- Opening Delimiter -

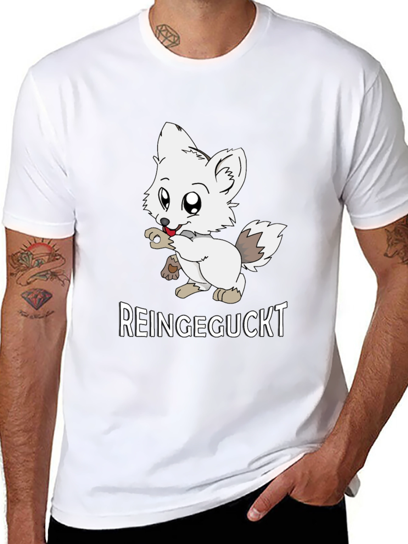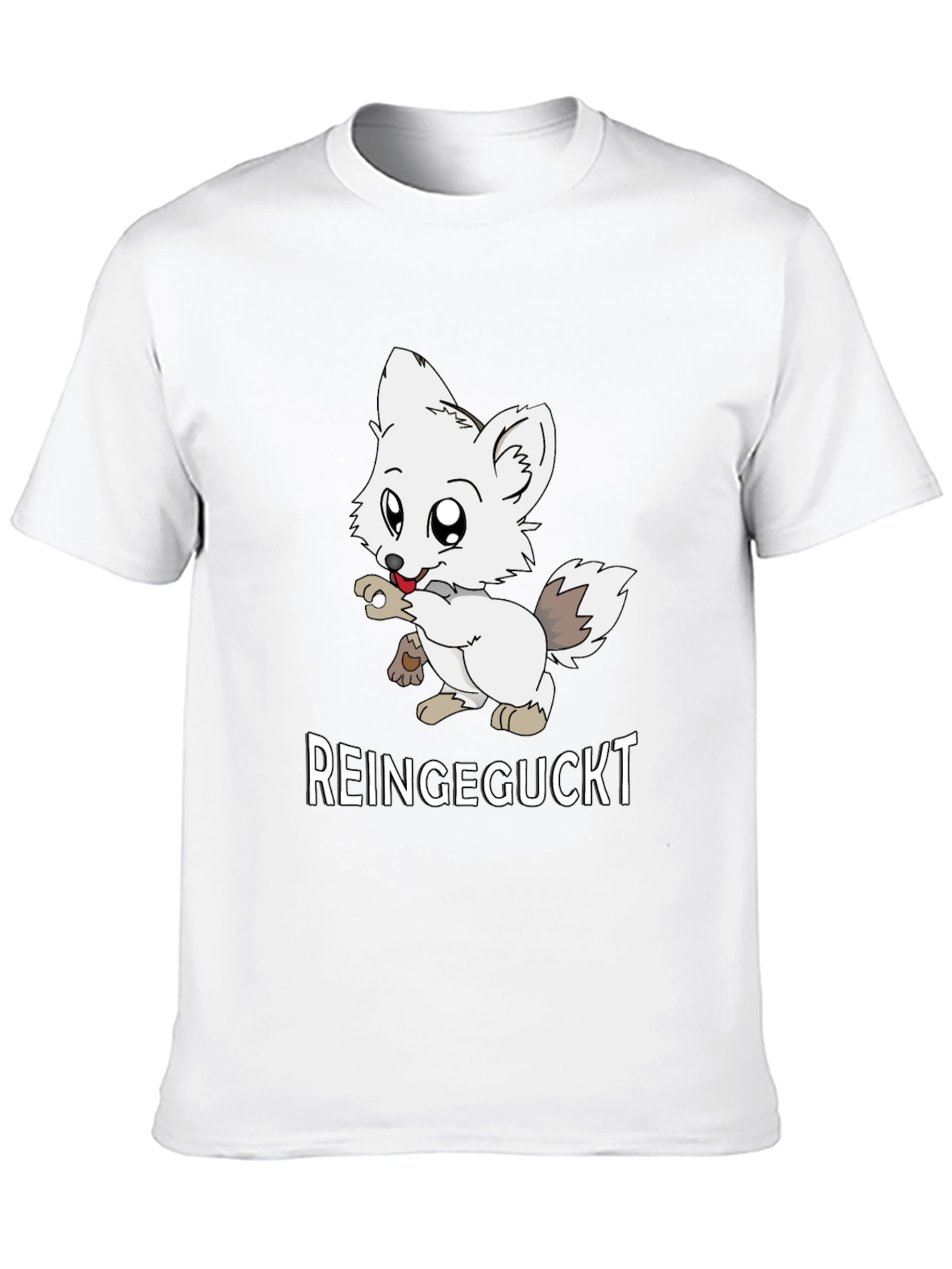 Show off your love for adorable animals with this eye-catching black t-shirt! Featuring a cartoonish white fox with a playful expression, this shirt is sure to turn heads. The German word "Reingeguckt" adds a touch of international flair to the design. Made from a soft, breathable fabric, this tee offers both comfort and style. Perfect for casual outings, lounging at home, or as a fun gift for fox enthusiasts. The unique graphic print ensures you'll stand out from the crowd. Get yours today and let your personality shine!
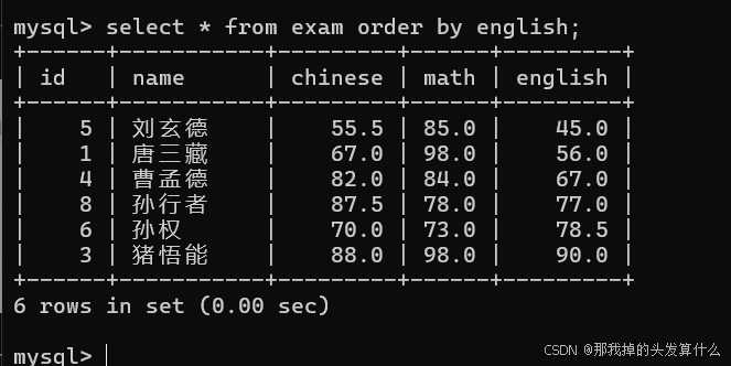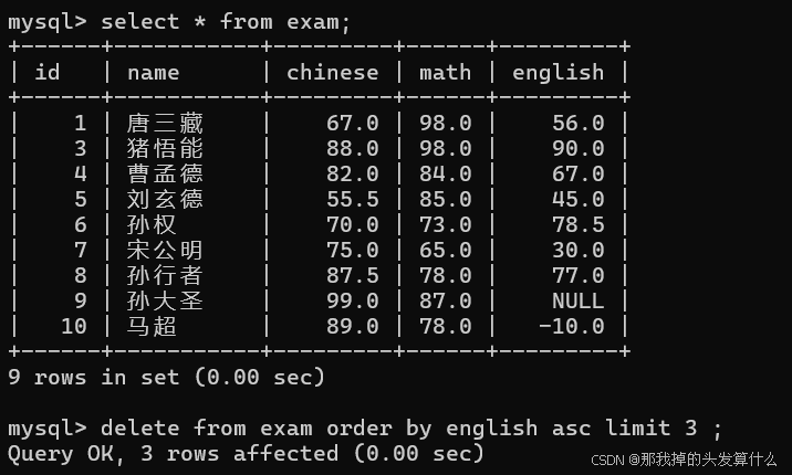 DELETE FROM table_name [WHERE ...] [ORDER BY ...] [LIMIT ...]删除孙悟空的所有成绩:
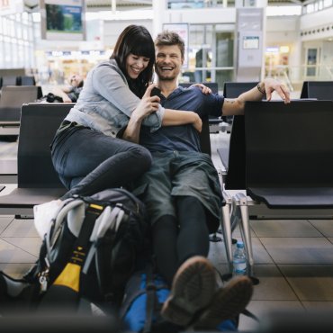 Mann und Frau sitzen sich gegenüber und verschlingen Ihre Beine hinter dem anderen
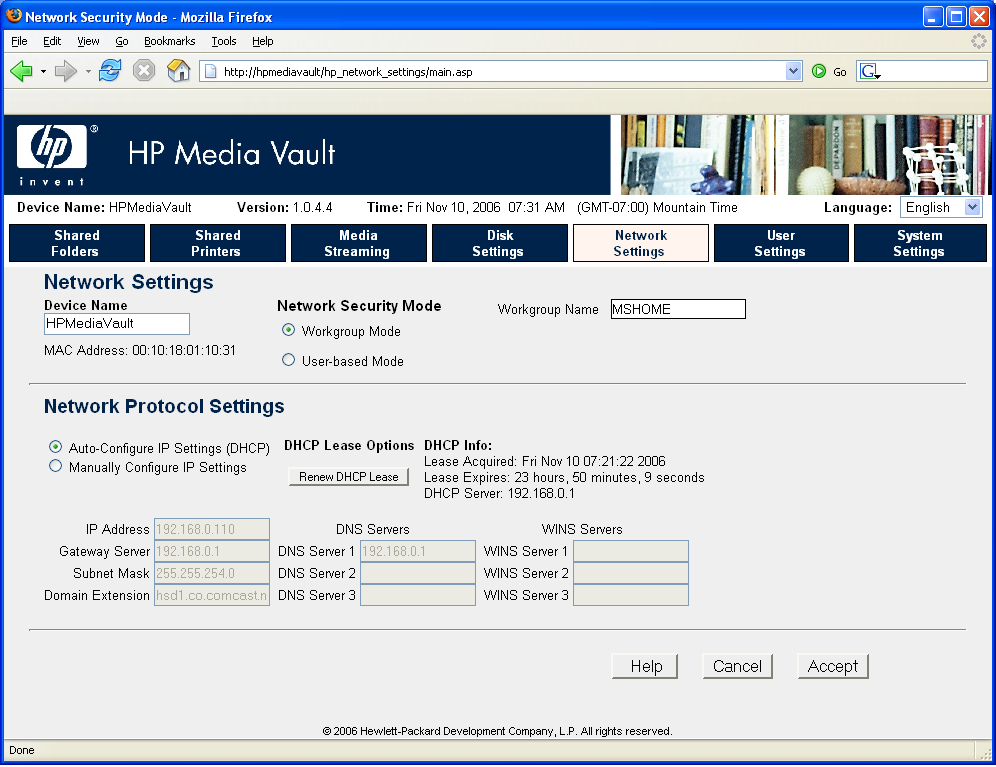 Network Settings Menu. This menu allows you to change the name of the Media Vault or the WorkGroup name. You can also change security from WorkGroup mode to User-based mode here. You can also set up the IP address and related parameters or just leave it set to DHCP so that it automatically finds the Gateway, Subnet mask, etc..
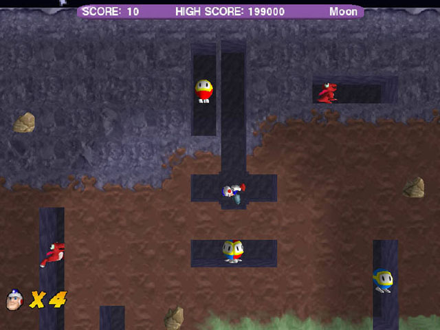 这款街机风格的动作游戏中,玩家要在不同的地图上用钻头来杀死每一个怪物,来赢得进入下一个关卡的机会。
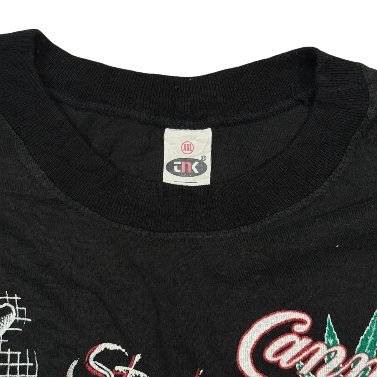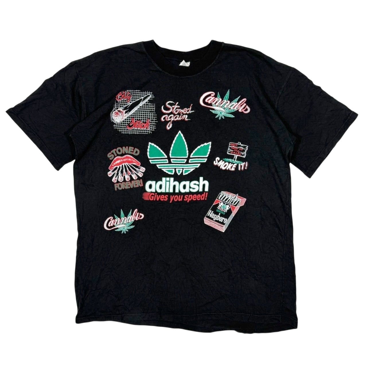 90’s〜頃のパロディTee、「adihash」モチーフの一枚です。フロント全面にぎっしりと大麻カルチャーをテーマにしたプリントが入っていて、ブランドロゴやタバコのパッケージをもじったデザインなど、インパクト抜群。

- Closing Delimiter -

EXERCISE DIRECTIONS: In the records above, find the line with "Network Settings Menu." and copy from it through the last line exactly, without the pictures.

REPLY TO THE EXERCISE:
 Network Settings Menu. This menu allows you to change the name of the Media Vault or the WorkGroup name. You can also change security from WorkGroup mode to User-based mode here. You can also set up the IP address and related parameters or just leave it set to DHCP so that it automatically finds the Gateway, Subnet mask, etc..
 这款街机风格的动作游戏中,玩家要在不同的地图上用钻头来杀死每一个怪物,来赢得进入下一个关卡的机会。
 90’s〜頃のパロディTee、「adihash」モチーフの一枚です。フロント全面にぎっしりと大麻カルチャーをテーマにしたプリントが入っていて、ブランドロゴやタバコのパッケージをもじったデザインなど、インパクト抜群。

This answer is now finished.